What you have to do
Please reproduce the listing in its entirety, exactly as written, but without images.

Listed entries

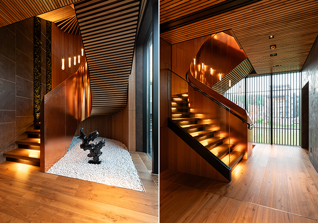 ヴィラの1~4階までの各階を繋ぐ螺旋階段は、高さ1.1mの手摺壁をアルミの槌目加工仕上げで製作。ブロンズ色のカラークリア塗装を施し、木目調の内装と調和する温かみのある空間を創り上げています。
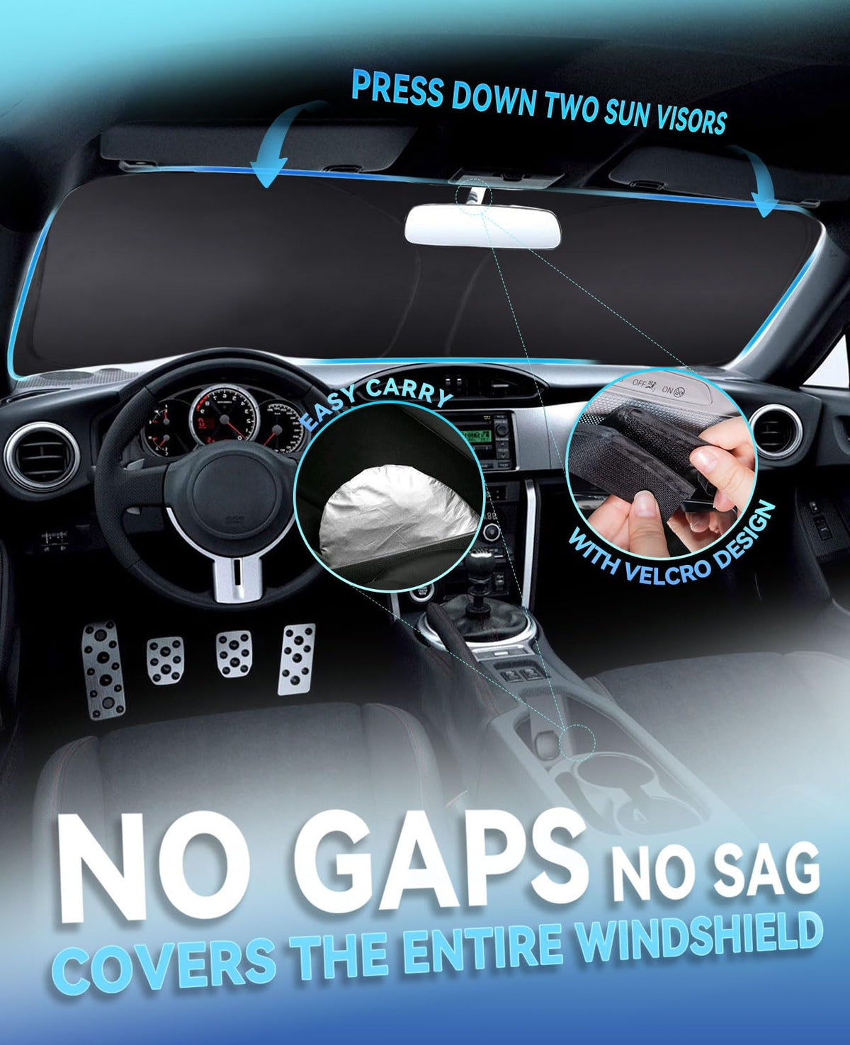 Windshield Sun Shade 4-Layer Foldable Front Window Sunshade Reflector Cover, Sun Visor Protector Blocks UV Rays. Car Windshield Sun Shade | Reflector Sunshade Offers Ultimate Protection for Car Interior | Cool Reflective Sun Blocker Car Windshield Sun Shade with Storage Pouch. Reflective 240T Material Sun Visor with Mirror Cut-Out Upgrades Design Sunshade- It really does a great job of holding the heat, Good for someone live in Fl. Great for any avid traveler living in sunny Texas, to try Car Sun Shade for your car because it gets soooooo hot there. Using it for several road trips across the state, Say goodbye for the hot car seat. Keep your Hyundai Elantra cooler and prevents leather seats from cracking and fading - Reflective material effectively blocks heat and UV rays - Significantly reduces interior temperature on hot days - Easy to install by just unfolding over the glass - Conveniently folds up into a compact size for storage - Well-constructed with durable quality materials - Protects dashboard and interior from sun damage Recommended this windshield sun shade! It's easy to put up and folding it is easy. The directions tell you to fold it in half so the circles are together, then twist both hands in opposite directions. Bring them together and make everything line up as much as you can, then use the elastic band to secure it. When you do it all the time so you will get it fast at it. Practice makes perfect, Find the trick. You'll fold super fast. As for size, it fits perfectly. It fits just right and really helps keep the heat down besides protect
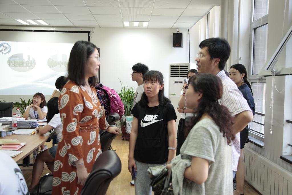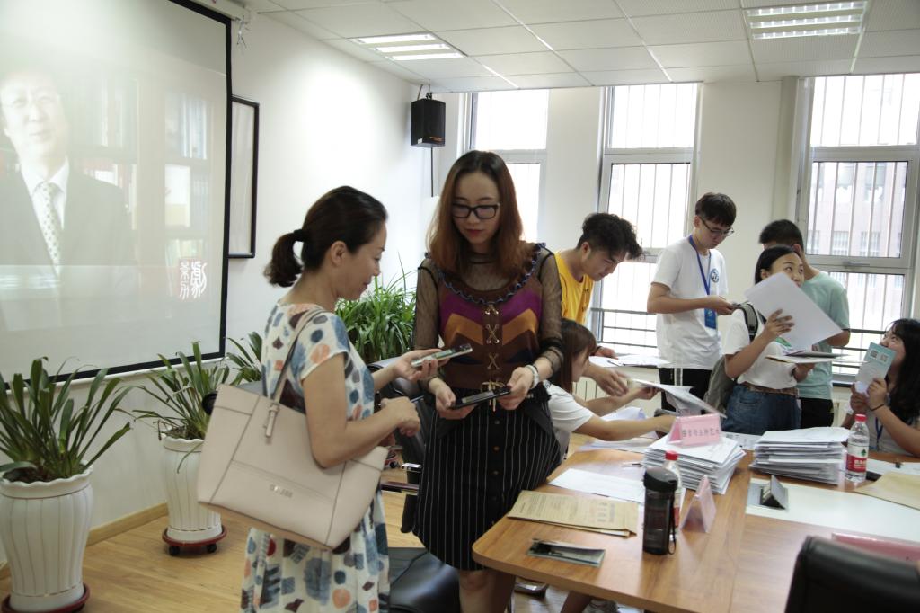 会议室内外的椅子上坐满了焦急等待的新生家长们,时刻关注着与孩子们切身相关的信息,询问老师和工作人员有关入学的一些问题。
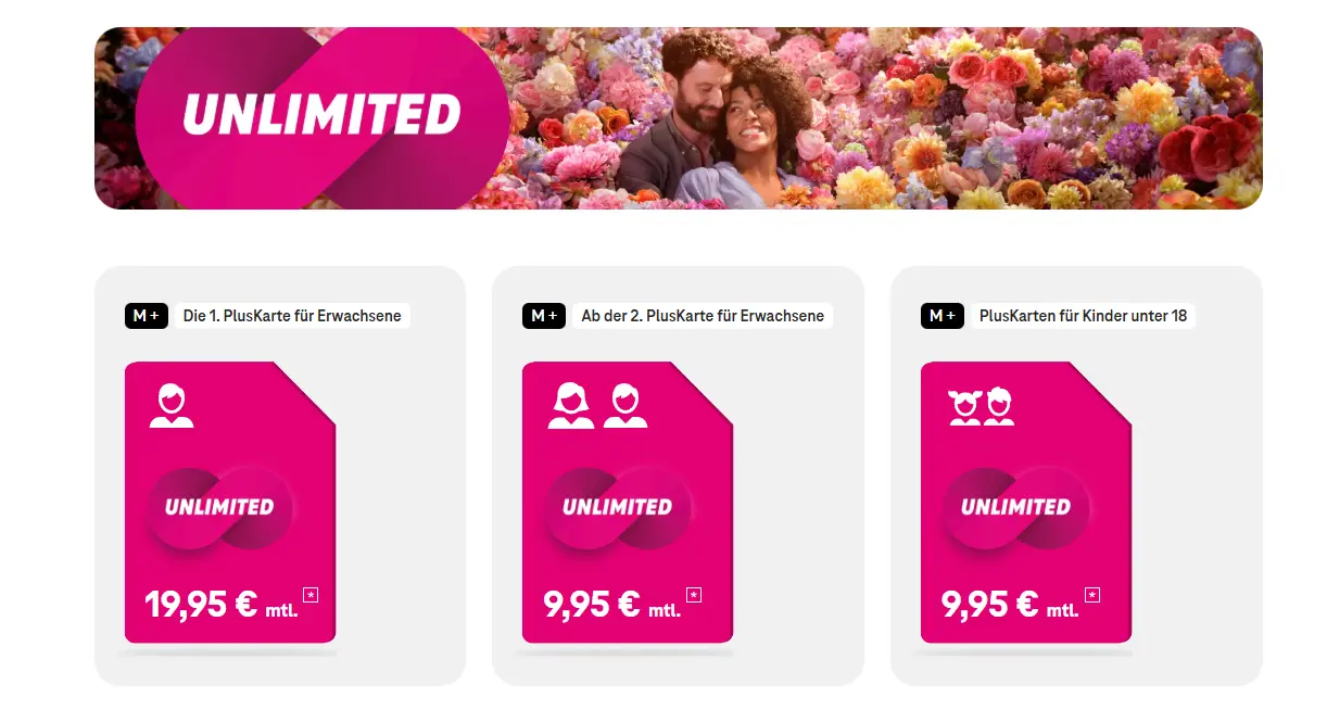 Ab MagentaMobil M (49,95 €) erhältst du mit mindestens einer PlusKarte unbegrenztes Datenvolumen für alle Karten – Hauptkarte und PlusKarten. MagentaEINS-Kunden (mit Telekom-Festnetz) erhalten Unlimited bereits ab MagentaMobil S.
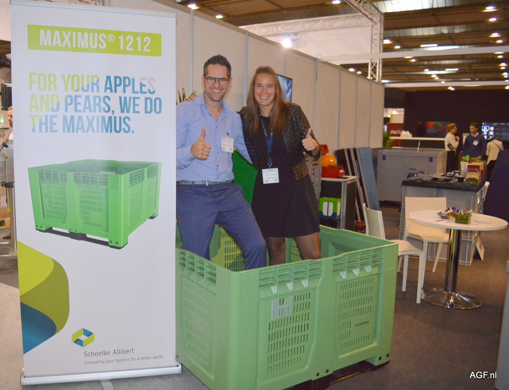 Schoeller Allibert. Piet De Lausnay en Silke de Cock zijn enthousiast over de Maximus 1212. De grootste bigbox in zijn soort voor het bewaren van appelen en peren. De bakken worden in België geproduceerd.
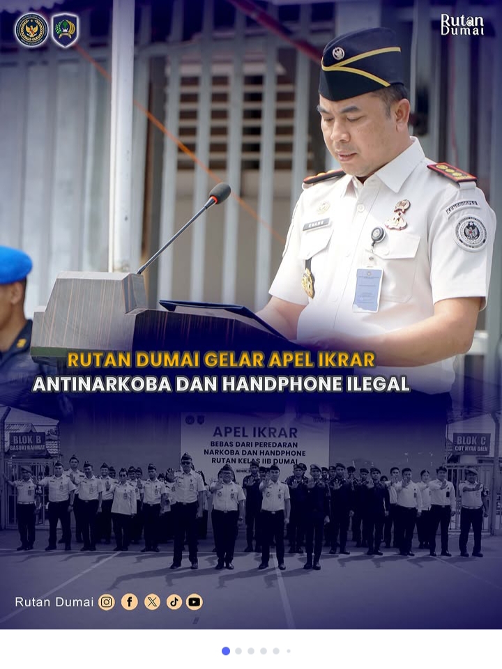 Karutan Dumai, Enang Iskandi dalam amanatnya menegaskan komitmen ini tidak hanya seremonial, tetapi harus diwujudkan melalui tindakan nyata. Ia menekankan integritas petugas menjadi kunci utama dalam menciptakan lingkungan pemasyarakatan yang bersih, aman, dan terbebas dari gangguan keamanan.
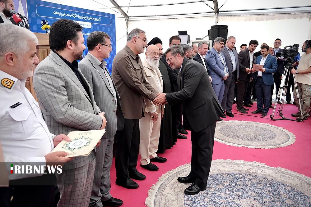 آئین بهره برداری از ۴ پروژه اثرگذار عمرانی پایتخت (محدوده غرب تهران) در قالب یکصد و هشتاد و هفتمین پویش امید و افتخار، عصر امروز چهارشنبه ۱۲ شهریور ۱۴۰۴ با حضور علیرضا زاکانی شهردار تهران، جمعی از مدیران شهری و برخی اعضای شورای اسلامی شهر تهران برگزار شد.
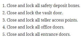 Instead, try using like-type instructions. Here is an example of a bank manager closing their doors at night:
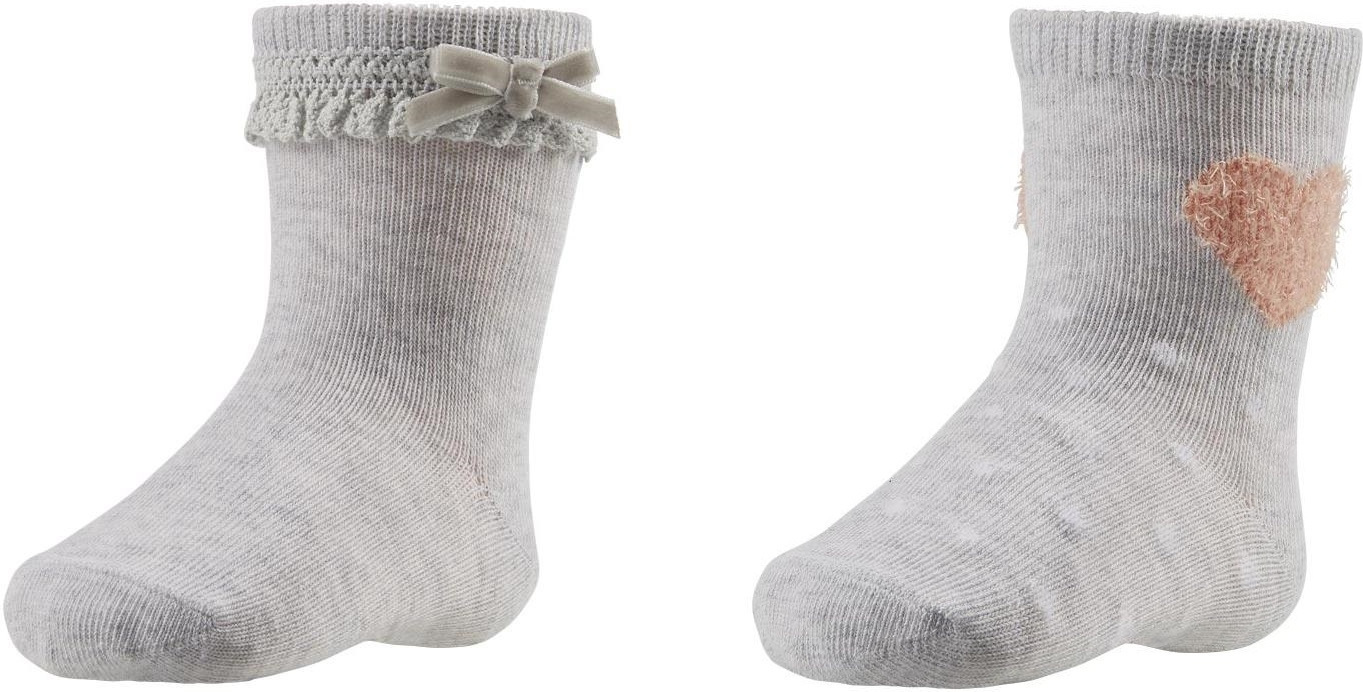 2 ΖΕΥΓΗ βρεφικές κοριτσίστικες γκρι κάλτσες. Μονόχρωμες με δαντέλα & πουά με σομόν καρδιά. (73% Βαμβάκι-25%Polyester-2%Elastane)
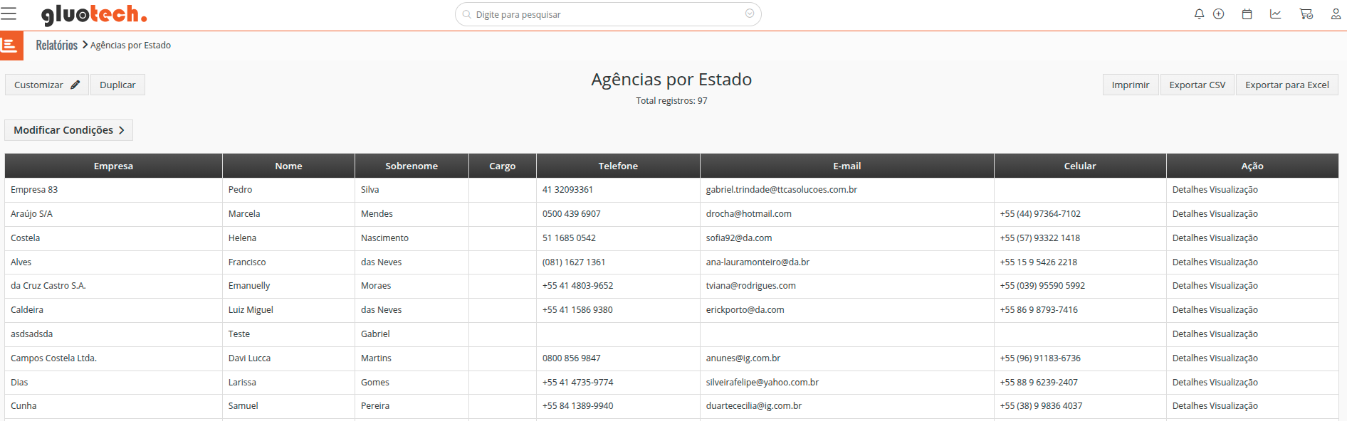 Clique sobre o botão Gerar Relatório, para que seu Relatório seja apresentado. Uma vez gerado, o relatório poderá ser impresso, conforme se apresenta na tela, ser exportado em Excel ou CSV, customizado, para realizar algum tipo de ajuste que julgar necessário, ou ainda duplicado, conforme indicado em destaque na Figura 06 - Relatório Gerado, abaixo:
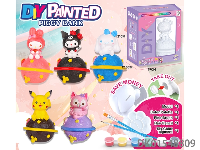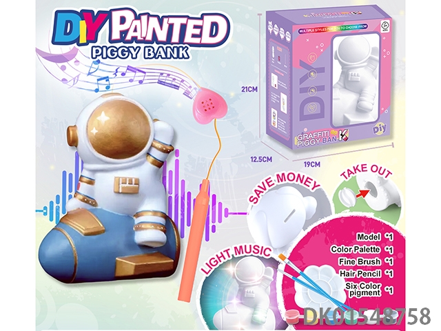 Diy painted piggy bank, music handheld lantern - space

Response
 ヴィラの1~4階までの各階を繋ぐ螺旋階段は、高さ1.1mの手摺壁をアルミの槌目加工仕上げで製作。ブロンズ色のカラークリア塗装を施し、木目調の内装と調和する温かみのある空間を創り上げています。
 Windshield Sun Shade 4-Layer Foldable Front Window Sunshade Reflector Cover, Sun Visor Protector Blocks UV Rays. Car Windshield Sun Shade | Reflector Sunshade Offers Ultimate Protection for Car Interior | Cool Reflective Sun Blocker Car Windshield Sun Shade with Storage Pouch. Reflective 240T Material Sun Visor with Mirror Cut-Out Upgrades Design Sunshade- It really does a great job of holding the heat, Good for someone live in Fl. Great for any avid traveler living in sunny Texas, to try Car Sun Shade for your car because it gets soooooo hot there. Using it for several road trips across the state, Say goodbye for the hot car seat. Keep your Hyundai Elantra cooler and prevents leather seats from cracking and fading - Reflective material effectively blocks heat and UV rays - Significantly reduces interior temperature on hot days - Easy to install by just unfolding over the glass - Conveniently folds up into a compact size for storage - Well-constructed with durable quality materials - Protects dashboard and interior from sun damage Recommended this windshield sun shade! It's easy to put up and folding it is easy. The directions tell you to fold it in half so the circles are together, then twist both hands in opposite directions. Bring them together and make everything line up as much as you can, then use the elastic band to secure it. When you do it all the time so you will get it fast at it. Practice makes perfect, Find the trick. You'll fold super fast. As for size, it fits perfectly. It fits just right and really helps keep the heat down besides protect
 会议室内外的椅子上坐满了焦急等待的新生家长们,时刻关注着与孩子们切身相关的信息,询问老师和工作人员有关入学的一些问题。
 Ab MagentaMobil M (49,95 €) erhältst du mit mindestens einer PlusKarte unbegrenztes Datenvolumen für alle Karten – Hauptkarte und PlusKarten. MagentaEINS-Kunden (mit Telekom-Festnetz) erhalten Unlimited bereits ab MagentaMobil S.
 Schoeller Allibert. Piet De Lausnay en Silke de Cock zijn enthousiast over de Maximus 1212. De grootste bigbox in zijn soort voor het bewaren van appelen en peren. De bakken worden in België geproduceerd.
 Karutan Dumai, Enang Iskandi dalam amanatnya menegaskan komitmen ini tidak hanya seremonial, tetapi harus diwujudkan melalui tindakan nyata. Ia menekankan integritas petugas menjadi kunci utama dalam menciptakan lingkungan pemasyarakatan yang bersih, aman, dan terbebas dari gangguan keamanan.
 آئین بهره برداری از ۴ پروژه اثرگذار عمرانی پایتخت (محدوده غرب تهران) در قالب یکصد و هشتاد و هفتمین پویش امید و افتخار، عصر امروز چهارشنبه ۱۲ شهریور ۱۴۰۴ با حضور علیرضا زاکانی شهردار تهران، جمعی از مدیران شهری و برخی اعضای شورای اسلامی شهر تهران برگزار شد.
 Instead, try using like-type instructions. Here is an example of a bank manager closing their doors at night:
 2 ΖΕΥΓΗ βρεφικές κοριτσίστικες γκρι κάλτσες. Μονόχρωμες με δαντέλα & πουά με σομόν καρδιά. (73% Βαμβάκι-25%Polyester-2%Elastane)
 Clique sobre o botão Gerar Relatório, para que seu Relatório seja apresentado. Uma vez gerado, o relatório poderá ser impresso, conforme se apresenta na tela, ser exportado em Excel ou CSV, customizado, para realizar algum tipo de ajuste que julgar necessário, ou ainda duplicado, conforme indicado em destaque na Figura 06 - Relatório Gerado, abaixo:
 Diy painted piggy bank, music handheld lantern - space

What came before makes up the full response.